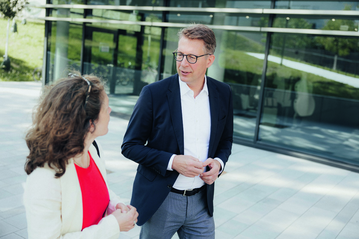 Wissenschaftsminister Markus Blume und Sprachforscherin Michaela Mahlberg über die Hightech Agenda Bayern, digitale Technologien und die Rolle sozialer Medien.
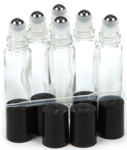 6, Clear, 10 ml Glass Roll-on Bottles with Stainless Steel Roller Balls - .5 ml Dropper included
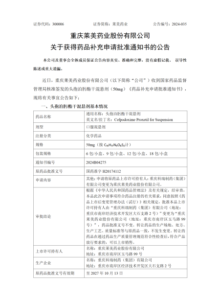 近日,重慶萊美藥業股份有限公司收到國家藥品監督管理局核準簽發的頭孢泊肟酯干混懸劑(50mg)《藥品補充申請批準通知書》,通知書編(bian)號:2024B04275,該藥品上(shang)市許可持(chi)有(you)人由重慶(qing)科瑞制藥(集團)有(you)限公司變更(geng)為重慶(qing)萊(lai)美藥業股份有(you)限公司。
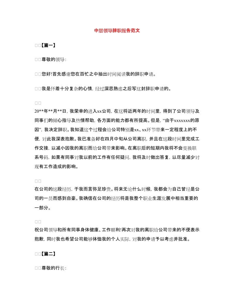 中层领导辞职报告范文 【篇一】 尊敬的领导: 您好!首先感谢您在百忙之中抽出时间阅读我的辞职申请 我是怀着十分复杂的心情,经过深思熟虑之后写这封辞职申请的 20**年**月**日,我荣幸的进入xx公司,在这将近两年的时间里,得到了公司领导及同事们的倾心指导及热情帮助,各方面的能力都有所提高但是,“由于xxxxxxx的原因”,我决定辞职我知道这个过程会给公司特别是xx、xx环节带来一定程度上的不便,对此我深表抱歉我已准备好在四月中旬从公司离职,并且在这段时间里完成工作交接,以减小因我的离职而给公司带来影响在离职后的短期内我将不会变换联系号码,如果有同事对我以前的工作有任何疑问,我将及时做出答复,以尽量减少对现有工作造成的影响 在公司的这段经历,于我而言弥足珍贵将来无论什么时候,我都会为自己曾经是公司的一员而感到自豪我确信在公司的经历将是我整个职业生涯发展中相当重要的一部分 祝公司领导和所有同事身体健康、工作顺利!再次对我的离职给公司带来的不便表示抱歉,同时我也希望公司能够体恤我的个人实际,对我的申请予以考虑并批准 【篇二】 尊敬的行长: 我带着复杂的心情写这封辞职报告。
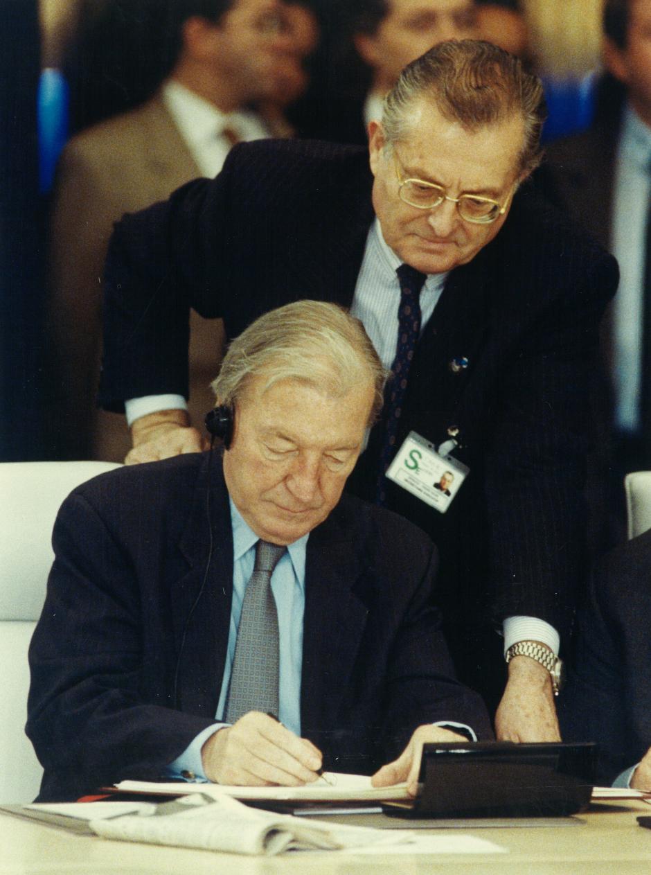 Signature de la Charte de Paris: Centre de Conférences Internationales, Mercredi 21 Novembre 1990. Monsieur Charles J. HAUGHEY, Premier Ministre de l'Irlande
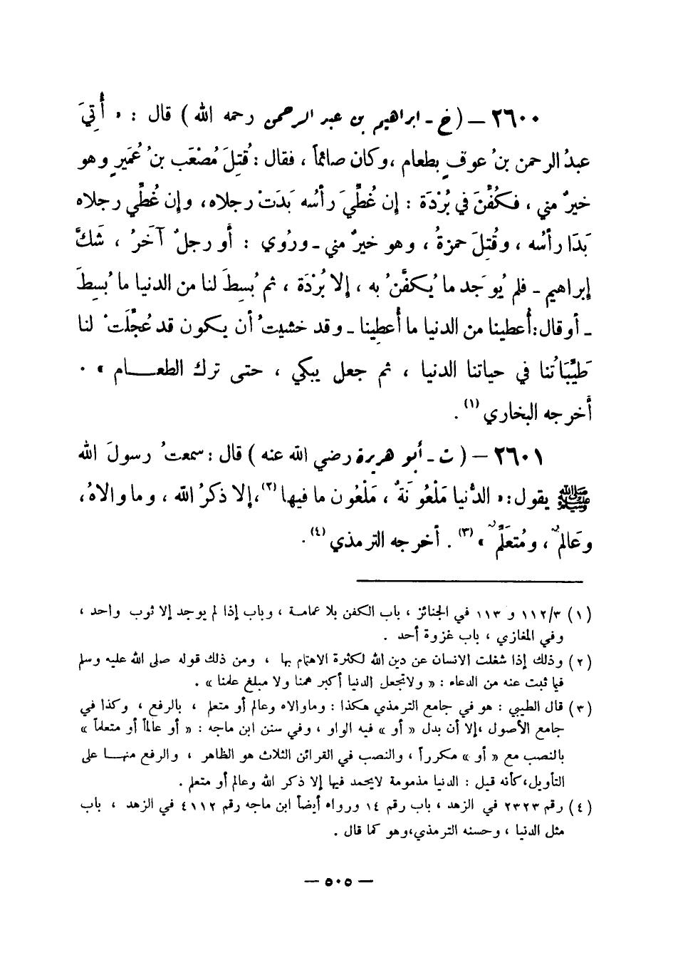2600 - (خ) إبراهيم بن عبد الرحمن - رحمه الله -: قال: «أُتِيَ عبدُ الرحمن ابنُ عوفٍ بطعام، وكان صائماً، فقال: قُتِلَ مُصْعَب بنُ عُمَيرٍ وهو خيرٌ مني، فكُفِّنَ في بُرْدَة: إِن غُطِّيَ رأْسُه بَدَتْ رجلاه، وإِن غُطِّي رجلاه بَدَا رأسُه، وقُتِلَ حمزةُ، وهو خيرٌ مني - ورُوي: أَو رجلٌ آخَرُ، شَكَّ إِبراهيم - فلم يُوَجد ما يُكفَّنُ به، إِلا بُرْدَة، ثم بُسِطَ لنا من الدنيا ما بُسِطَ - أو قال: أُعطينا من الدنيا ما أُعطينا - وقد خشيتُ أن يكون قد عُجِّلَتْ لنا طَيِّبَاتُنا في حياتنا الدنيا، ثم جعل يبكي، حتى ترك الطعام» . أَخرجه البخاري (¬1) .
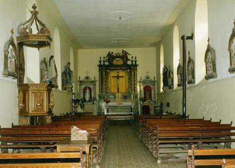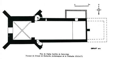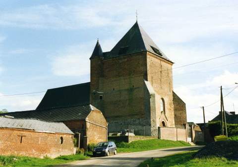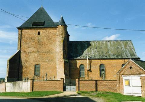 Le village de Saint-Algis en Thiérache cire son nom d’un Irlandais, Algis, ordonné prêtre, qui vint avec quelques compagnons fonder en ce lieu un oratoire dédié à saint Pierre, où il fut inhumé en 670. L’afflux de fidèles attirés par des miracles contribua à la formation du village. L’église est caractérisée par un donjon carré d’environ dix mètres de côté hors œuvre , les murs approchant trois mètres d’épaisseur. Ce clocher devait à l’origine être pourvu de quatre tourelles aux angles, dont deux subsistent. Malgré ces transformations, il reste l’un des plus imposants parmi ceux des églises fortifiées de la Thiérache. La nef, comme le donjon, est construite en brique au-dessus d’ un soubassement en grès. Les dates de 1685 et 1687 figurent tracées en briques vernissées, respectivement sur les murs sud et nord . Sur le donjon, on interprète généralement une date tronquée comme le millésime 1634. Il n’est pas exclu qu’il s’agisse là de travaux de restauration, le monument dans son gros œuvre pouvant remonter à la seconde moitié du XVIe s. Le chœur fut démoli en 1806, la nef simplement plafonnée est donc désormais fermée par un mur plat devant lequel est installé un retable du XVIIe s. Un nouveau portail fut percé dans le mur ouest du clocher en 1858. En 1994 la Sauvegarde de l’Art Français a versé une subvention de 20 000 F pour la réparation de la toiture.
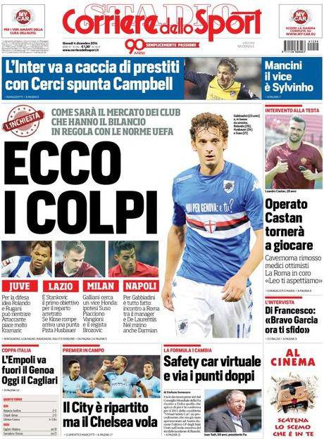 Corriere dello Sport: prima pagina del 4 dicembre 04/12/2014 - 06:44 di Matteo B. Redazione MilanLive.it
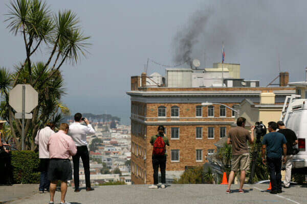 עשן שחור היתמר אמש (שישי) מעל בניין הקונסוליה הרוסית בסן פרנסיסקו, ארה"ב, שעות לפני פינויו הצפוי היום.
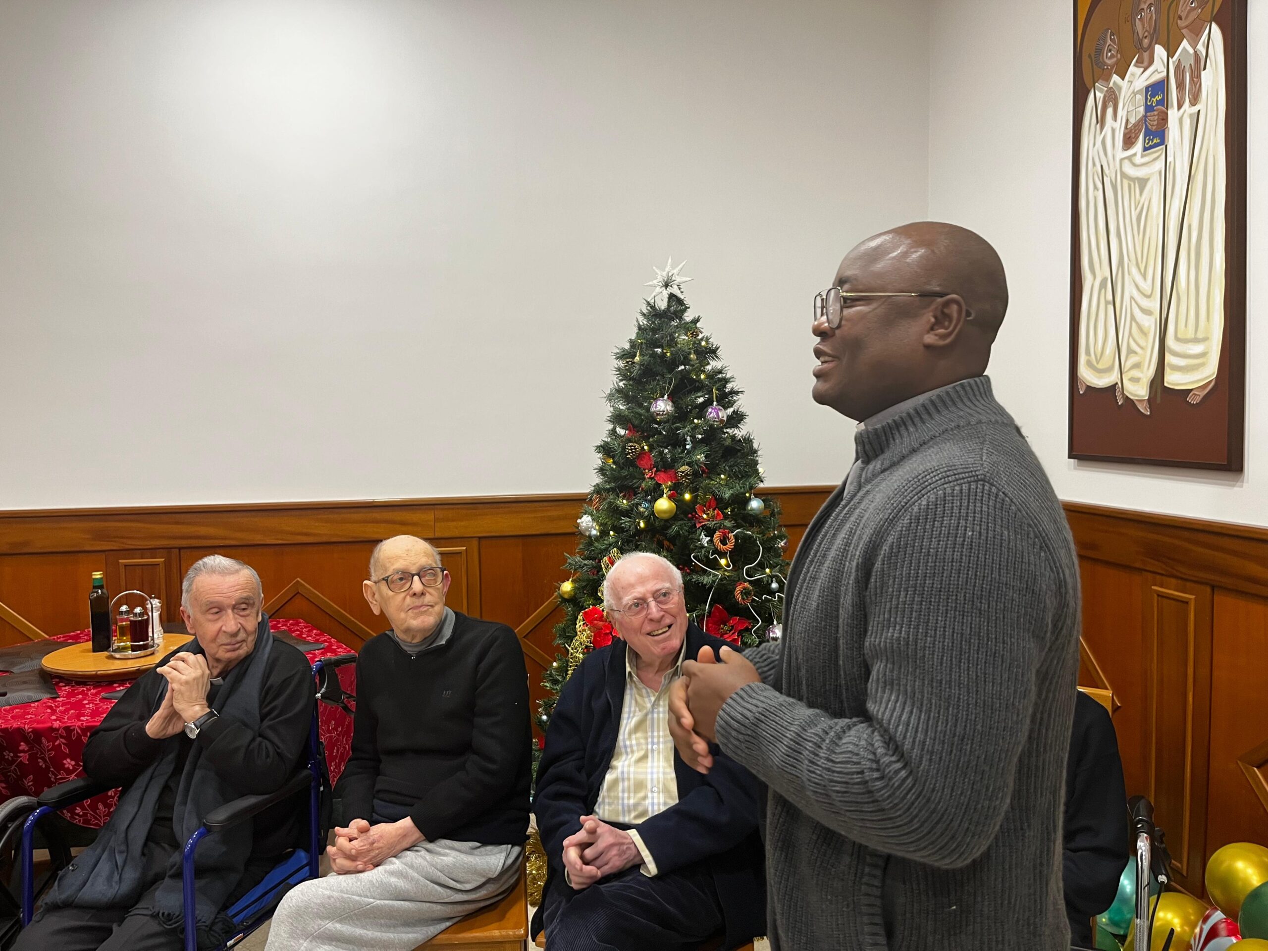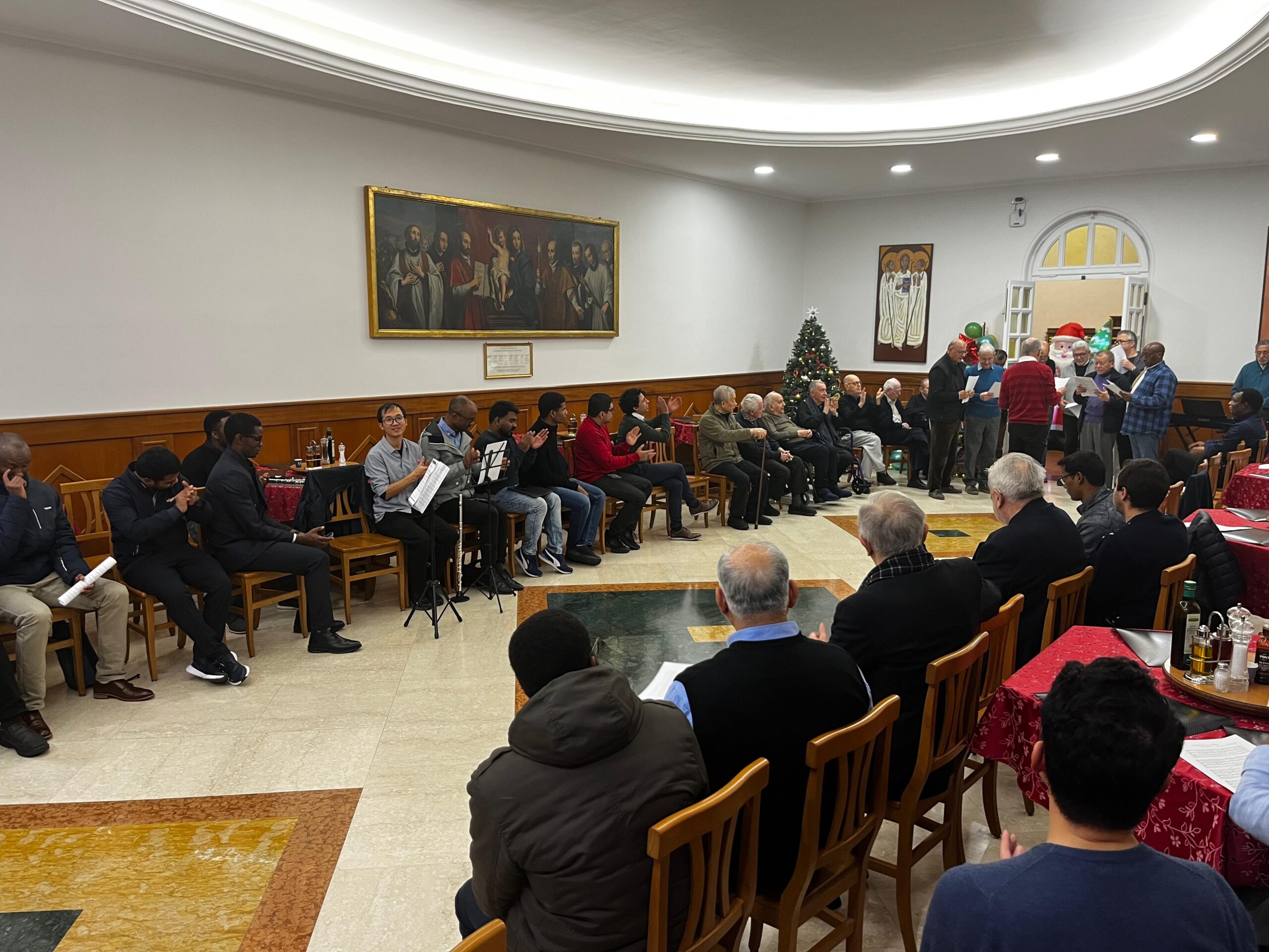 Il 24 dicembre è stato un altro giorno memorabile per la comunità: prima di iniziare il pranzo che precedeva la celebrazione eucaristica della Natività di Nostro Signore con i membri della Curia Generalizia, abbiamo ascoltato l’annuncio del Natale tratto dal Martirologio Romano, eseguito da p. Fabrice Bagendekere, S.J. Dopo il pranzo, alcuni membri della comunità si sono uniti a quelli della Curia Generalizia per la Santa Messa e per la condivisione dei doni preparati dalla comunità che ci ha ospitato.
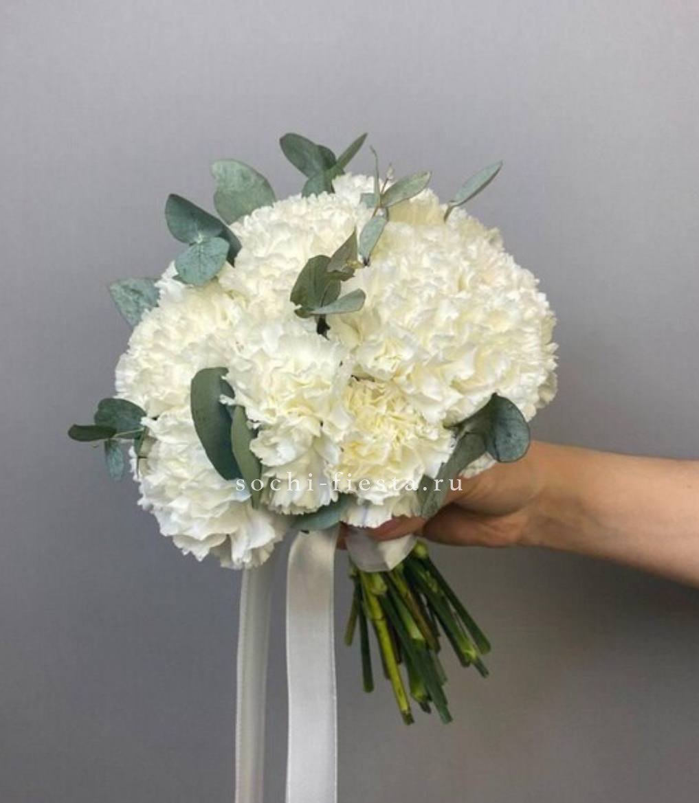 Белоснежная композиция с махровыми соцветиями эустомы и классическими розами. Сезонные детали и зелень образуют естественный рисунок без лишней строгости.

**Assignment**
Repeat all the material above exactly, apart from the pictures.

**Your solution**
 Wissenschaftsminister Markus Blume und Sprachforscherin Michaela Mahlberg über die Hightech Agenda Bayern, digitale Technologien und die Rolle sozialer Medien.
 6, Clear, 10 ml Glass Roll-on Bottles with Stainless Steel Roller Balls - .5 ml Dropper included
 近日,重慶萊美藥業股份有限公司收到國家藥品監督管理局核準簽發的頭孢泊肟酯干混懸劑(50mg)《藥品補充申請批準通知書》,通知書編(bian)號:2024B04275,該藥品上(shang)市許可持(chi)有(you)人由重慶(qing)科瑞制藥(集團)有(you)限公司變更(geng)為重慶(qing)萊(lai)美藥業股份有(you)限公司。
 中层领导辞职报告范文 【篇一】 尊敬的领导: 您好!首先感谢您在百忙之中抽出时间阅读我的辞职申请 我是怀着十分复杂的心情,经过深思熟虑之后写这封辞职申请的 20**年**月**日,我荣幸的进入xx公司,在这将近两年的时间里,得到了公司领导及同事们的倾心指导及热情帮助,各方面的能力都有所提高但是,“由于xxxxxxx的原因”,我决定辞职我知道这个过程会给公司特别是xx、xx环节带来一定程度上的不便,对此我深表抱歉我已准备好在四月中旬从公司离职,并且在这段时间里完成工作交接,以减小因我的离职而给公司带来影响在离职后的短期内我将不会变换联系号码,如果有同事对我以前的工作有任何疑问,我将及时做出答复,以尽量减少对现有工作造成的影响 在公司的这段经历,于我而言弥足珍贵将来无论什么时候,我都会为自己曾经是公司的一员而感到自豪我确信在公司的经历将是我整个职业生涯发展中相当重要的一部分 祝公司领导和所有同事身体健康、工作顺利!再次对我的离职给公司带来的不便表示抱歉,同时我也希望公司能够体恤我的个人实际,对我的申请予以考虑并批准 【篇二】 尊敬的行长: 我带着复杂的心情写这封辞职报告。
 Signature de la Charte de Paris: Centre de Conférences Internationales, Mercredi 21 Novembre 1990. Monsieur Charles J. HAUGHEY, Premier Ministre de l'Irlande
2600 - (خ) إبراهيم بن عبد الرحمن - رحمه الله -: قال: «أُتِيَ عبدُ الرحمن ابنُ عوفٍ بطعام، وكان صائماً، فقال: قُتِلَ مُصْعَب بنُ عُمَيرٍ وهو خيرٌ مني، فكُفِّنَ في بُرْدَة: إِن غُطِّيَ رأْسُه بَدَتْ رجلاه، وإِن غُطِّي رجلاه بَدَا رأسُه، وقُتِلَ حمزةُ، وهو خيرٌ مني - ورُوي: أَو رجلٌ آخَرُ، شَكَّ إِبراهيم - فلم يُوَجد ما يُكفَّنُ به، إِلا بُرْدَة، ثم بُسِطَ لنا من الدنيا ما بُسِطَ - أو قال: أُعطينا من الدنيا ما أُعطينا - وقد خشيتُ أن يكون قد عُجِّلَتْ لنا طَيِّبَاتُنا في حياتنا الدنيا، ثم جعل يبكي، حتى ترك الطعام» . أَخرجه البخاري (¬1) .
 Le village de Saint-Algis en Thiérache cire son nom d’un Irlandais, Algis, ordonné prêtre, qui vint avec quelques compagnons fonder en ce lieu un oratoire dédié à saint Pierre, où il fut inhumé en 670. L’afflux de fidèles attirés par des miracles contribua à la formation du village. L’église est caractérisée par un donjon carré d’environ dix mètres de côté hors œuvre , les murs approchant trois mètres d’épaisseur. Ce clocher devait à l’origine être pourvu de quatre tourelles aux angles, dont deux subsistent. Malgré ces transformations, il reste l’un des plus imposants parmi ceux des églises fortifiées de la Thiérache. La nef, comme le donjon, est construite en brique au-dessus d’ un soubassement en grès. Les dates de 1685 et 1687 figurent tracées en briques vernissées, respectivement sur les murs sud et nord . Sur le donjon, on interprète généralement une date tronquée comme le millésime 1634. Il n’est pas exclu qu’il s’agisse là de travaux de restauration, le monument dans son gros œuvre pouvant remonter à la seconde moitié du XVIe s. Le chœur fut démoli en 1806, la nef simplement plafonnée est donc désormais fermée par un mur plat devant lequel est installé un retable du XVIIe s. Un nouveau portail fut percé dans le mur ouest du clocher en 1858. En 1994 la Sauvegarde de l’Art Français a versé une subvention de 20 000 F pour la réparation de la toiture.
 Corriere dello Sport: prima pagina del 4 dicembre 04/12/2014 - 06:44 di Matteo B. Redazione MilanLive.it
 עשן שחור היתמר אמש (שישי) מעל בניין הקונסוליה הרוסית בסן פרנסיסקו, ארה"ב, שעות לפני פינויו הצפוי היום.
 Il 24 dicembre è stato un altro giorno memorabile per la comunità: prima di iniziare il pranzo che precedeva la celebrazione eucaristica della Natività di Nostro Signore con i membri della Curia Generalizia, abbiamo ascoltato l’annuncio del Natale tratto dal Martirologio Romano, eseguito da p. Fabrice Bagendekere, S.J. Dopo il pranzo, alcuni membri della comunità si sono uniti a quelli della Curia Generalizia per la Santa Messa e per la condivisione dei doni preparati dalla comunità che ci ha ospitato.
 Белоснежная композиция с махровыми соцветиями эустомы и классическими розами. Сезонные детали и зелень образуют естественный рисунок без лишней строгости.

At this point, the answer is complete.